**Work to be completed**
Pictures are to be left out, and only the lines below starting at the one with "O espaço da" and ending at the one with "眠り猫の説明、そして鳴龍を見" are to be reproduced, each exactly, both ends included.

[Stored items]
^^^^

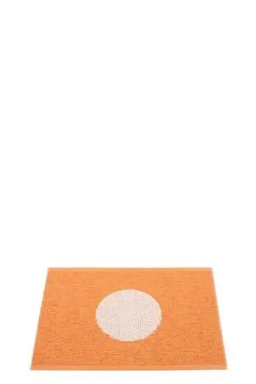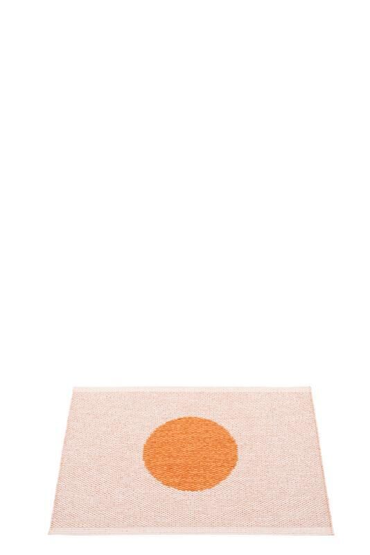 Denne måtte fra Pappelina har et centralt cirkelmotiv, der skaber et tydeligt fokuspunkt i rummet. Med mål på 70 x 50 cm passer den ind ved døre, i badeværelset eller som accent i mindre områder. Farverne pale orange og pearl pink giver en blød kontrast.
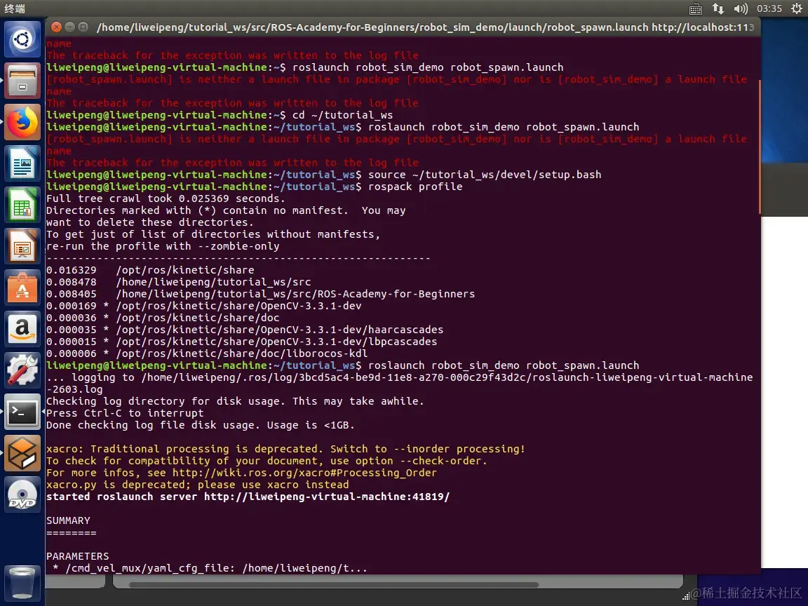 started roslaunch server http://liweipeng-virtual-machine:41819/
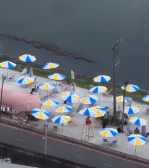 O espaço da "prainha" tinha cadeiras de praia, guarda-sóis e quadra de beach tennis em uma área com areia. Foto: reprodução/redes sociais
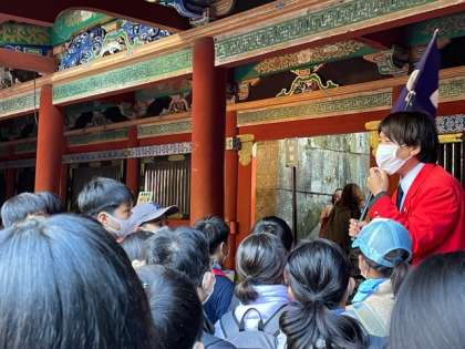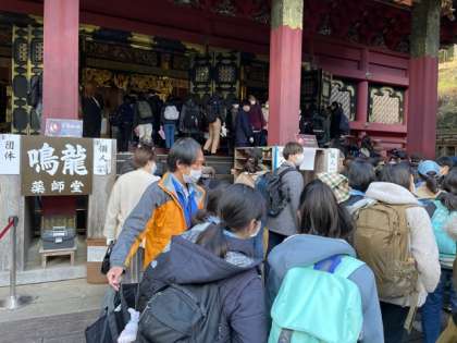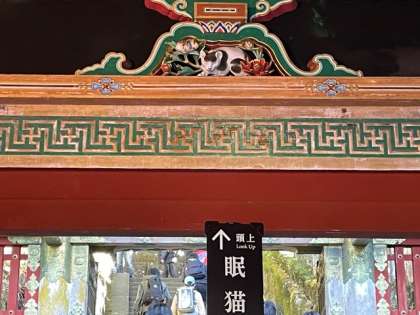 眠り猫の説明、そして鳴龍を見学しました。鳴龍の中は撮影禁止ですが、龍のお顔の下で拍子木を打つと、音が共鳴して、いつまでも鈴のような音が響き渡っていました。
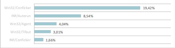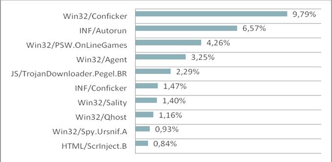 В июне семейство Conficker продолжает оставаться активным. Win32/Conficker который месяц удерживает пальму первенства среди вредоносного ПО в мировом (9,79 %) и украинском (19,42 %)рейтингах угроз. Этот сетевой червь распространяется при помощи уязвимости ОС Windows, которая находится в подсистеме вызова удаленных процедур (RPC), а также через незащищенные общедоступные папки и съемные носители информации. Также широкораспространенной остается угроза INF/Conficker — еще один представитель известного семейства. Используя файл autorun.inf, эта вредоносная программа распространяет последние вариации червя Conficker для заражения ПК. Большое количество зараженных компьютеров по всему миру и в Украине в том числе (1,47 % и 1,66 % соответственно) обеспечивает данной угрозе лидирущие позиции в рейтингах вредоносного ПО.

^^^^

**Response to the task**
 O espaço da "prainha" tinha cadeiras de praia, guarda-sóis e quadra de beach tennis em uma área com areia. Foto: reprodução/redes sociais
 眠り猫の説明、そして鳴龍を見学しました。鳴龍の中は撮影禁止ですが、龍のお顔の下で拍子木を打つと、音が共鳴して、いつまでも鈴のような音が響き渡っていました。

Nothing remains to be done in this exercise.